Castleton Commodities International
Stamford, CT Full Time
POSTED ON 5/12/2026
AVAILABLE BEFORE 7/4/2026
The Senior Site Reliability Engineer is responsible for improving the reliability, availability, scalability, and operational excellence of our critical infrastructure platforms and services. This role partners closely with Engineering, Security, and Infrastructure teams to design resilient cloud-native architectures, implement Infrastructure as Code (IaC) and CI/CD standards, and drive measurable reliability outcomes.

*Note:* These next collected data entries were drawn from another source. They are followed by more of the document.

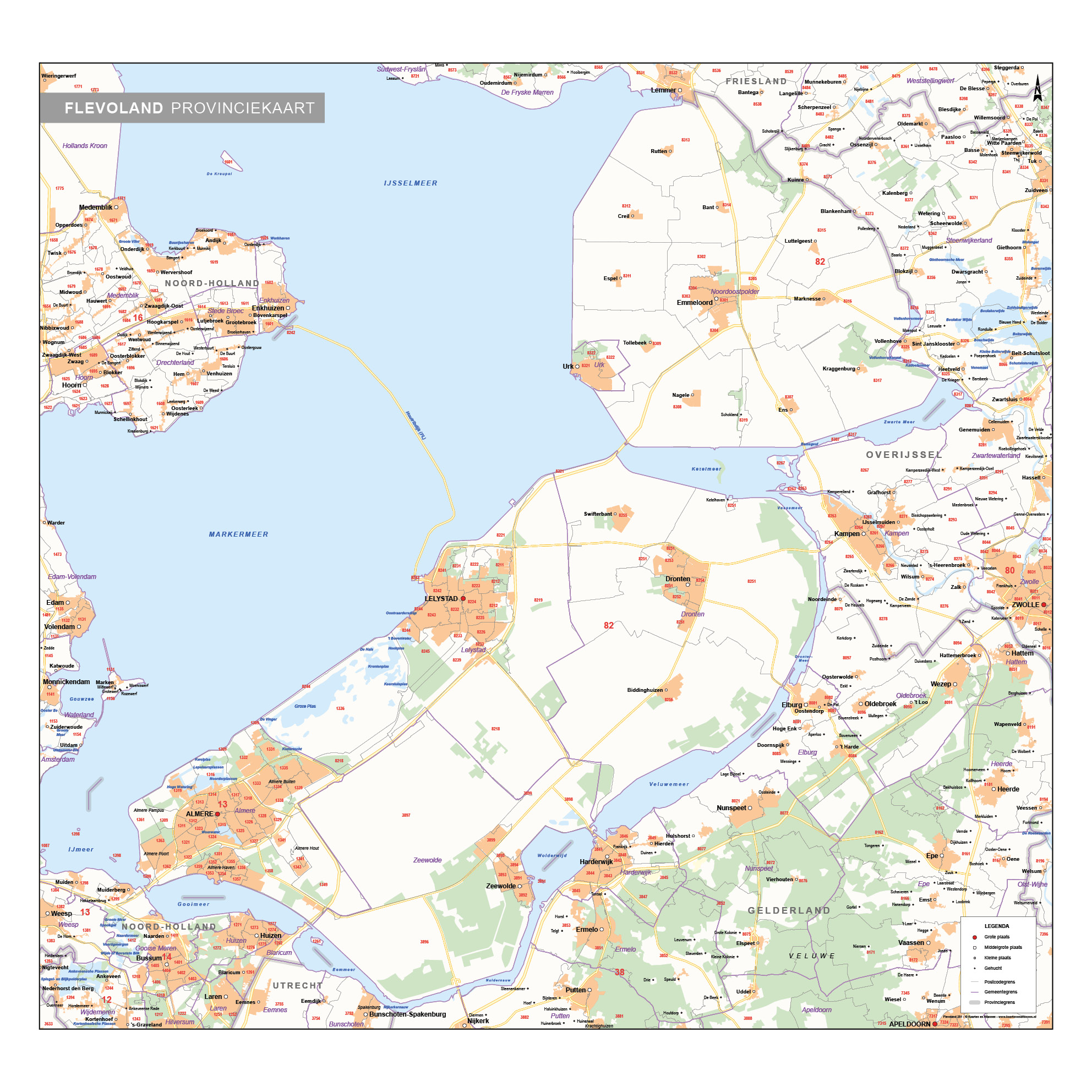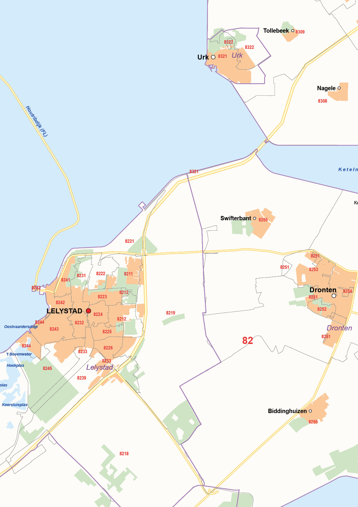 4-cijferige postcode-/gemeentekaart van Flevoland. Duidelijke postcodekaart voor administratieve doeleinden. Geeft naast de postcode- en gemeentegrenzen ook plaatsen, wegen, wateren en grondgebruik weer. Met gemeente indeling 2023.
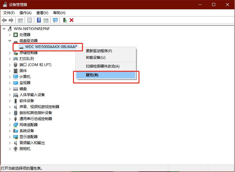 2、然后在设备管理器窗口中,展开磁盘驱动器,鼠标右键电脑硬盘,选择“属性”;
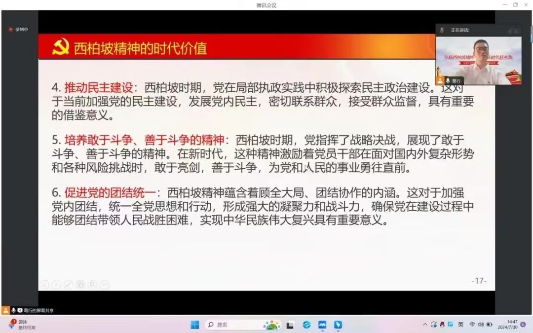 为学习贯彻落实党的二十届三中全会精神,激发员工党员进一步全面深化改革、推进中国式现代化的决心和毅力,7月30日,青言青语宣讲团面向智感机器人师生党支部的全体员工党员开展西柏坡精神宣讲暨党小组专题活动。活动由员工党员陈大嶶组织,员工党员、宣讲团成员葛行主讲,教师党员张佳婧主持。西柏坡精神是在伟大的革命实践中凝结而成的,对当下仍然具有重大而深远的意义。葛行同志以细致讲解和积极互动的方式,带领大家走进了西柏坡那段波澜壮阔的历史。他结合我们当前进一步全面深化改革、推进中国式现代化的任务,多角度、全方位地进行讲述了西柏坡精神的形成背景、内涵、时代价值以及西柏坡地方特色。在他的精心讲述下,西柏坡故事变得鲜活而生动,让党员同志们深受触动。
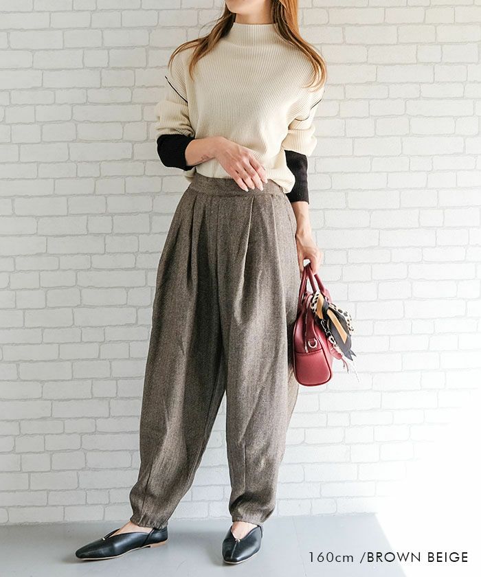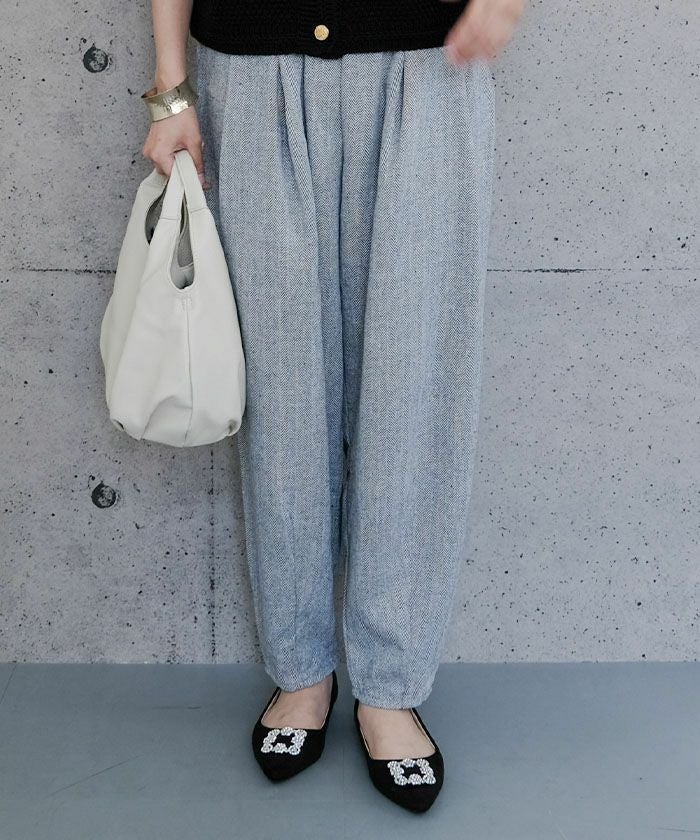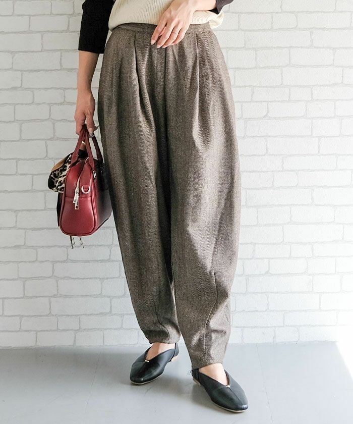 送料無料 ヘリンボーンコクーンパンツ レディース 春 秋 冬 M L LL ≪ゆうメール便配送30・代引不可≫ |アクアガレージ aquagarage

The Senior Site Reliability Engineer will also lead efforts to define and validate recovery objectives (RTO/RPO), design and implement Business Continuity / Disaster Recovery (BCP/DR) plans, and coordinate structured testing to ensure readiness.

Responsibilities:

Reliability Engineering & Operations

  • Own and improve service reliability through SLO/SLI definition, error budgets, and operational best practices.
  • Design, implement, and maintain observability (monitoring, logging, tracing, alerting) to reduce MTTR and improve proactive detection.
  • Lead incident response practices including on-call improvements, runbooks, post-incident reviews (RCA), and preventative actions.
  • Partner with application teams to improve performance, capacity planning, and resiliency under failure scenarios.

Infrastructure & Cloud Architecture

  • Design and operate highly available, fault-tolerant Cloud architectures (multi-AZ and, where required, multi-region).
  • Implement resilient patterns across compute, storage, networking, and managed services (e.g., autoscaling, load balancing, backups, replication).
  • Drive cloud governance best practices (tagging, account/landing zone patterns, least privilege, guardrails) in partnership with security and platform teams.

Infrastructure as Code (IaC) & DevOps Enablement

  • Build and maintain IaC modules and standards (e.g., Terraform, CloudFormation, CDK) for repeatable, auditable infrastructure delivery.
  • Develop, standardize, and optimize CI/CD pipelines to enable safe, automated deployments (e.g., GitHub Actions, GitLab CI, Jenkins, AWS CodePipeline).
  • Promote DevOps practices: version-controlled infrastructure, automated testing, immutable deployments, and progressive delivery patterns.
  • Establish environment consistency across dev/test/stage/prod and ensure infrastructure drift detection and remediation.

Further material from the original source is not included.